(Extracted data entries)
[Start of Attachment]
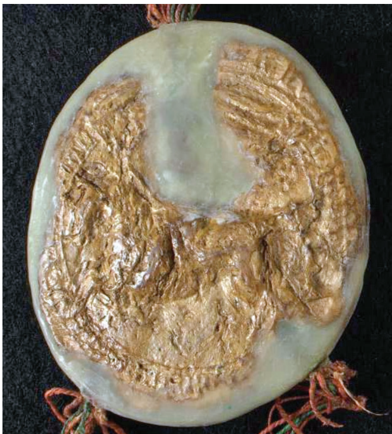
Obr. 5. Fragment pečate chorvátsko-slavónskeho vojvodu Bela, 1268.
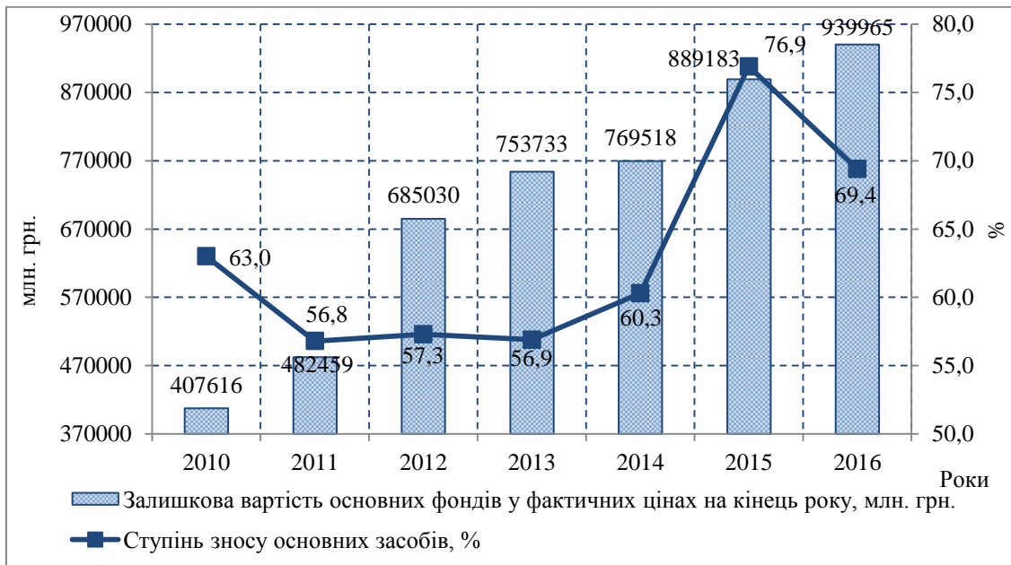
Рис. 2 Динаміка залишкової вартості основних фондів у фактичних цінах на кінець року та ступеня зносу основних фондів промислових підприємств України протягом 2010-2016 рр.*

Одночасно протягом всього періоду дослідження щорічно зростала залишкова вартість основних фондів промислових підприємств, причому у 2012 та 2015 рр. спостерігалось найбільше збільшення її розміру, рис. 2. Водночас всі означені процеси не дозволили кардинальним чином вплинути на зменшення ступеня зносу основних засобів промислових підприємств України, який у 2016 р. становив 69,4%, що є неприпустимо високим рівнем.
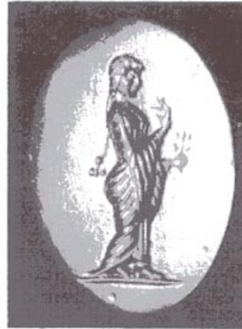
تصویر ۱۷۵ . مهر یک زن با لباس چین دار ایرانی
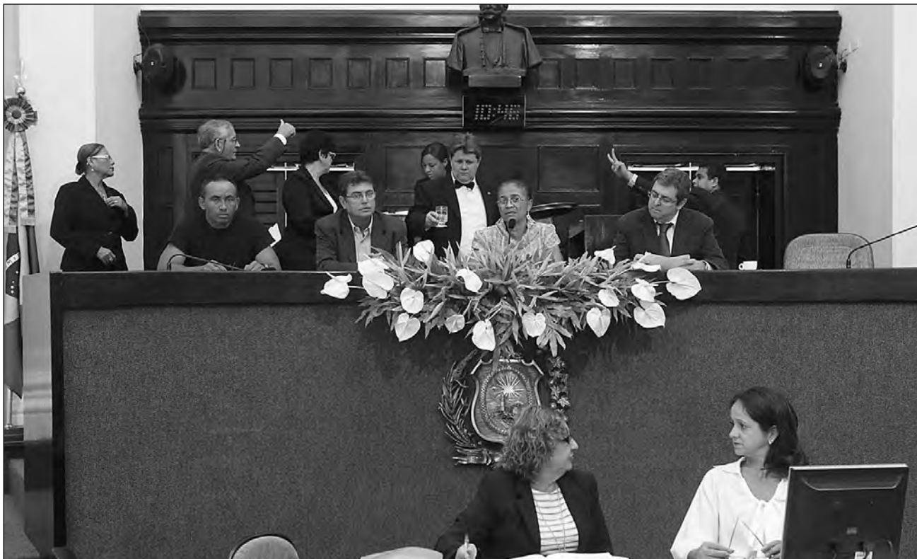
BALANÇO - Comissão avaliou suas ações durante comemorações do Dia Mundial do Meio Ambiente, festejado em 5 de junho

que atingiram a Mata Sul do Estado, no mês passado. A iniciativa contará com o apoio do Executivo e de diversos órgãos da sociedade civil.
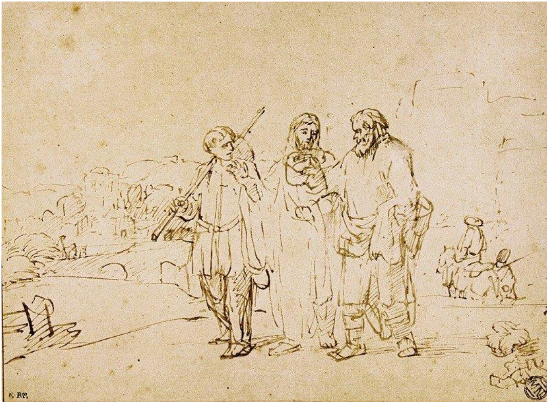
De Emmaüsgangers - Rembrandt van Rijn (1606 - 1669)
[End of Attachment]
### To do
Every line between the one containing "تصویر ۱۷۵ . مهر یک زن با لباس چین دار ایرانی" and the last line of the data above, both included, should be copied exactly, but not the pictures.

### Your solution
تصویر ۱۷۵ . مهر یک زن با لباس چین دار ایرانی
BALANÇO - Comissão avaliou suas ações durante comemorações do Dia Mundial do Meio Ambiente, festejado em 5 de junho

que atingiram a Mata Sul do Estado, no mês passado. A iniciativa contará com o apoio do Executivo e de diversos órgãos da sociedade civil.
De Emmaüsgangers - Rembrandt van Rijn (1606 - 1669)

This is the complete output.